Cancers belong to a group of diseases characterized by an uncontrolled growth of abnormal cells that can also have the ability to invade healthy tissues. Dependent on the cancer type, patients can be treated with a combination of surgery, radiotherapy, chemotherapy, targeted therapy and more recently immunotherapy.
Immunotherapies include all treatments where the immune system is modulated, such as passive immunotherapies, immuno-modulators, adoptive transfers and cancer vaccines. The latter must be differentiated into two distinct approaches: prophylactic and therapeutic cancer vaccines. Prophylactic cancer vaccines are administered to protect the healthy people against the development of a cancer. In contrast, therapeutic cancer vaccines are administered to cancer patients in order to strengthen the capability of their immune system to recognize and kill tumor cells.

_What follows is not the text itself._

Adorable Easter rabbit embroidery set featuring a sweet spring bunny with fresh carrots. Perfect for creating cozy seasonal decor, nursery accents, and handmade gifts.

Therapeutic Cancer Vaccines
The main goal of therapeutic cancer vaccines is to generate T cells able to specifically kill the tumor cells. To achieve a potent immune response, tumor antigens must be delivered to Antigen Presenting Cells, particularly dendritic cells (DCs), to allow cancer immunity to be initiated. The DCs process these antigens into small peptides (epitopes) that are presented on the cell surface either by MHC class I or MHC class II molecules allowing the activation of CD8+ cytotoxic T lymphocytes (CTLs) or CD4+ helper T (Th) cells, respectively. Based on current knowledge in immunology, induction of a tumor specific immune response requires three main steps:
- An antigen must be delivered to dendritic cells, which will process it into epitopes
- Dendritic cells should receive a suitable activation signal
- Activated tumor antigen-loaded dendritic cells must generate T-cell mediated immune responses in the lymphoid organs.
Induction of an immune response: dendritic cells process an antigen into peptides called epitopes, that are presented on MHC class I or II molecules to cytotoxic and helper T cells, respectively.

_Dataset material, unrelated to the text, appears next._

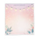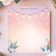 Créez une atmosphère magique et accueillante avec ce bloc-notes personnalisé. De délicates guirlandes lumineuses sont drapées sur le dessus, avec des accents floraux et de feuillage subtils le long du bas, créant une bordure charmante. Le fond doux et pastel accentue l'effet chaud et scintillant. Ajoutez votre propre texte pour personnaliser ce bloc-notes. Parfait pour les notes du soir, les rappels ou les messages sincères.

Three parameters are essential for a therapeutics vaccine to generate potent anti-tumor immunity:
- stimulate multi-epitopic cytotoxic T cell-mediated immunity
CTLs specific for different epitopes will increase the destruction of cancer cells within a heterogeneous tumor mass, and help prevent the outgrowth of antigen-loss variants (tumor immune escape)
- induce Th cells
Th cells are involved in the maintenance of long-lasting cellular immunity, and their tumor infiltration is an essential step in the recruitment and function of CD8+ CTLs.
- promote immunological memory
Immunological memory is essential to protect against tumor relapse.
Amal is proposing a novel cancer vaccine platform that combines these 3 parameters into a single, novel proprietary cancer vaccine construct.